Since the success of Slumdog Millionaire (2008) as the Best Picture winner
Since the success of Slumdog Millionaire (2008) as the Best Picture winner at the Academy Awards in 2009, Indians, South Asians, and South Asian Americans continue to make an annual appearance in the more prominent categories at Hollywood’s biggest event. Some of the contemporary narratives rely on action adventure storylines featuring variations on early Hollywood genres of colonial India (threatening natives, brave youth, and spiritual wise men). But also present are alternative genres in drama and comedy that provide opportunities for South Asian actors to act and portray different types of roles.
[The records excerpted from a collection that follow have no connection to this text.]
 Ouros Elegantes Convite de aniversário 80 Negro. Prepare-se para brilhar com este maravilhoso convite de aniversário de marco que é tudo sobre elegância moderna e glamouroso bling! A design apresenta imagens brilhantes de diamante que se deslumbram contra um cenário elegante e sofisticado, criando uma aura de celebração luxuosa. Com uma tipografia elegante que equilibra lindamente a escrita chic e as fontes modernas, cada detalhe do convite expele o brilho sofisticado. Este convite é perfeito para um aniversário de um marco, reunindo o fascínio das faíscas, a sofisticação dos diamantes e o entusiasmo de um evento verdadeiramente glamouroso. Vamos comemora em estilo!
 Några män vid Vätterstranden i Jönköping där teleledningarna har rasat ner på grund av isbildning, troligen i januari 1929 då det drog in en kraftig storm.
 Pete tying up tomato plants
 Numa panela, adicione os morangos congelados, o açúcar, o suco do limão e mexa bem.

The films Life of Pi, Silver Linings Playbook, and Zero Dark Thirty feature South Asians in familiar stories as the spiritual sojourner, the model minority sidekick, and the menacing threat to America. In Ang Lee’s Life of Pi (nominated for eleven awards including best director and best film), the geographical setting of Pondicherry in South India only occupies the first quarter of the film, but the actors, aesthetics, and stunning visuals of the film emphasize the spiritual nature of the story. In the film, the protagonist Pi (Suraj Sharma and adult Pi played by Irrfan Khan) describes his story as one that addresses all religions and is ultimately about the “belief in God” and the universality of human experience. In my previous work, I argue that South Asians and South Asian Americans are racialized as foreign but are also valorized as an idealized American immigrant because they speak English and portray an uncomplicated assimilation into dominant American culture. Representations of South Asian and Indian objects and subjects have a history of evoking, simultaneously, both a comfortable foreign-ness and a recognizable difference from American culture.
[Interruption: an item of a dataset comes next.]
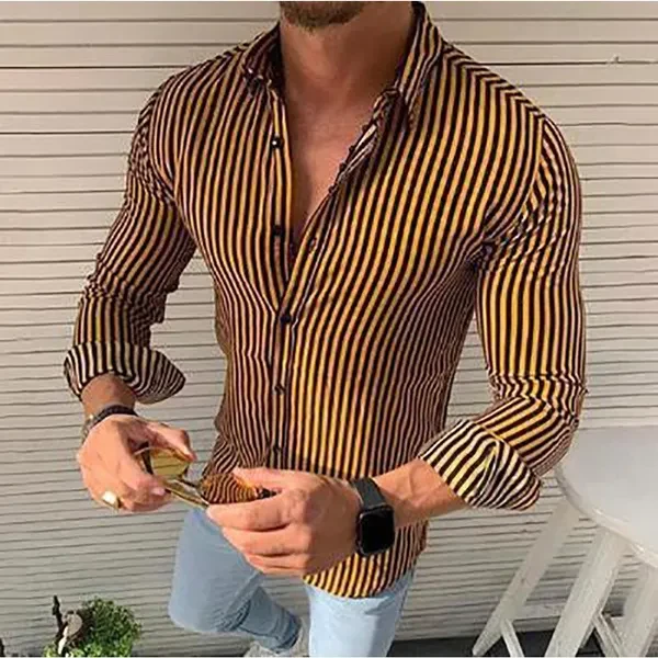 2021 Men's New Fashion Casual Striped Long Sleeve Shirt

Sometimes the foreign aspect of that difference can be threatening, such as in recent post 9-11 narratives where South Asians are associated with terrorists. Kathryn Bigelow’s Zero Dark Thirty chronicles the events and intelligence operations in the hunt for Osama Bin Laden and is primarily set in Pakistan. In the film, government bureaucracy (both U.S. and Pakistani) blocks the efforts of American CIA and invisible South Asian operatives and factions threaten to expose their presence.